Description Cristian Klein 2013-04-27 23:33:13 UTC
By using digiKam 2.5.0 on Ubuntu 12.10 and reading the latest GIT source code, I deduce that, when importing photos from a UMS, digiKam uses the download history to display whether a file has already been downloaded or not. This is somewhat inconvenient, in several cases:

(1) A user just started using digiKam: all photos are shown as "new".
(2) A user changed the way she downloads picture, e.g., she switched from PTP to using a card reader.
(3) A user might import photos through several ways, e.g., sometimes directly from the camera, sometimes from a "holiday" laptop.

Wouldn't it be possible for digiKam to more intelligently detect if photos have already been downloaded?

I was thinking of the following solution. First, for each photo (local or to-be-imported) compute a unique ID by reading the EXIF data. Newer cameras already add a "unique photo ID" EXIF tag. For older cameras, one may compute a unique picture ID using a combination of camera make, camera model and file name. If I understood correctly, this would also conform to digiKam's philosophy of using its database only to accelerate operations, without storing any data that could not be found in the files themselves.

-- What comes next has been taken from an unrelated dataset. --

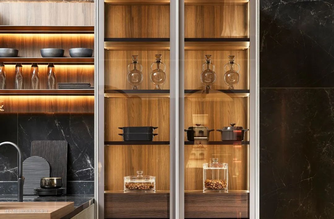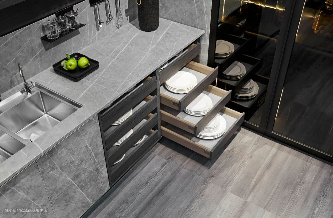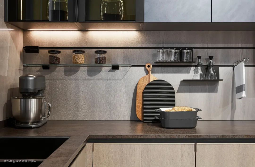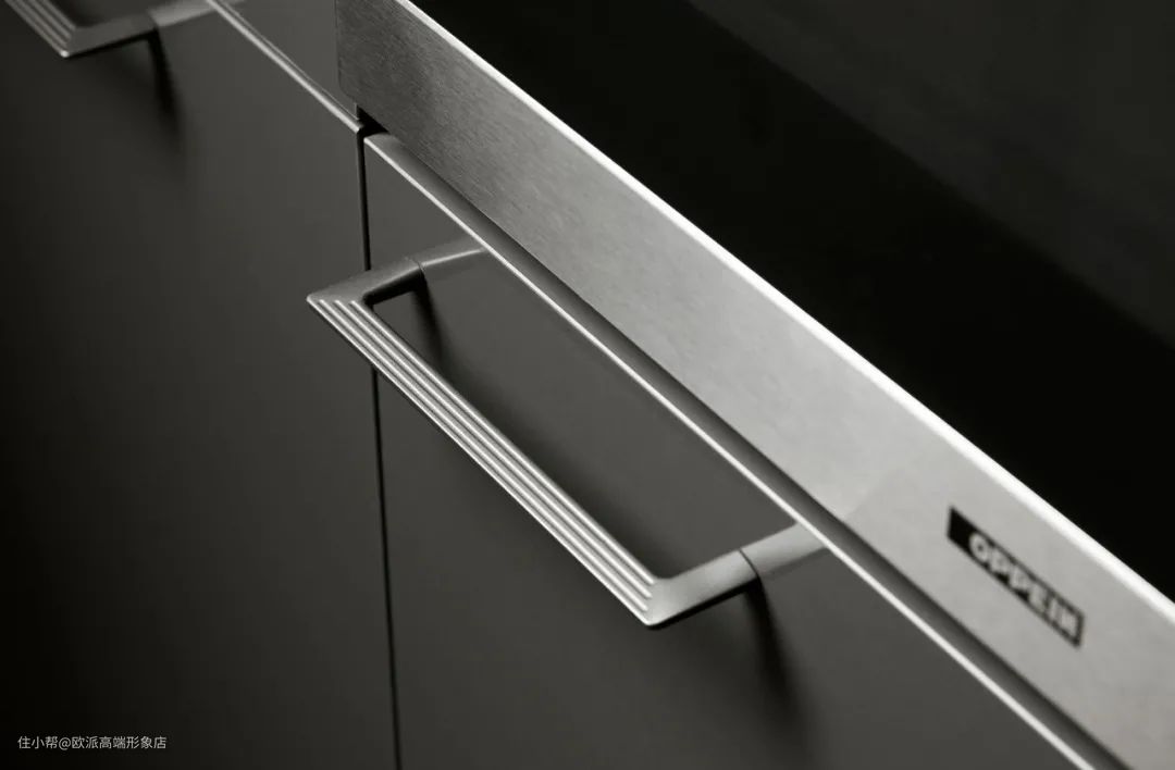 金属线条与创意拉手的混搭,再加上纹理独特的绅士灰门板,沉稳中透露着果敢。纤薄的金属层板设计,从正视面上看,减少了78%的视觉面积,强化了整个开放柜的品质感。
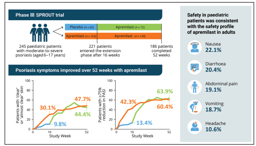 SPROUT研究(NCT03701763)是一项Ⅲ期多中心、随机、双盲、安慰剂对照试验,旨在评估阿普米司特在6-17岁中重度斑块型银屑病患儿中的疗效与安全性。研究纳入符合PASI≥12、BSA≥10%且sPGA≥3标准,且对局部治疗反应不足或不适宜的患者。

Any thoughts on this? If this makes sense, I could try dedicating some time to develop the feature myself.

Reproducible: Always

Steps to Reproduce:
(For example)
1. Start digiKam
2. Import some photos from a USB mass storage device
3. Exit digiKam
4. Delete its database (but not the photos it has just imported).
5. Start digiKam
6. Open the import window for the same USB mass storage device
Actual Results:  
All photos are marked as new

Expected Results:  
The photos that have been downloaded at step 2 should be detected as already downloaded.
Comment 1 Marcel Wiesweg 2013-04-28 16:46:36 UTC
The problem you encounter sooner or later (with gphoto cameras sooner than with UMS cameras) is that the time you need to compute the hash, by accessing the Exif data, will be disproportional to the gained functionality. Regarding the use of make, model and name, let's have a look at the DownloadHistory database header file:
    /**
     * Queries the status of a download item that is uniquely described by the four parameters.
     * The identifier is recommended to be an MD5 hash of properties describing the camera,
     * if available, and the directory path (though you are free to use all four parameters as you want)
     */
    static Status status(const QString& identifier, const QString& name,
                         qlonglong fileSize, const QDateTime& date);

For me all points are very minor problems, yes we could make wild guesses that pictures on the camera were already downloaded based on some parameters, yet file name is not useful as there can be renames, file size is not useful as metadata can have been edited, date alone is by far too weak.
Comment 2 Cristian Klein 2013-04-28 18:35:13 UTC
Hi Marcel,

Let me address your comments inline.

On 2013-04-28 18:46, Marcel Wiesweg wrote:
> The problem you encounter sooner or later (with gphoto cameras sooner than with
> UMS cameras) is that the time you need to compute the hash, by accessing the
> Exif data, will be disproportional to the gained functionality.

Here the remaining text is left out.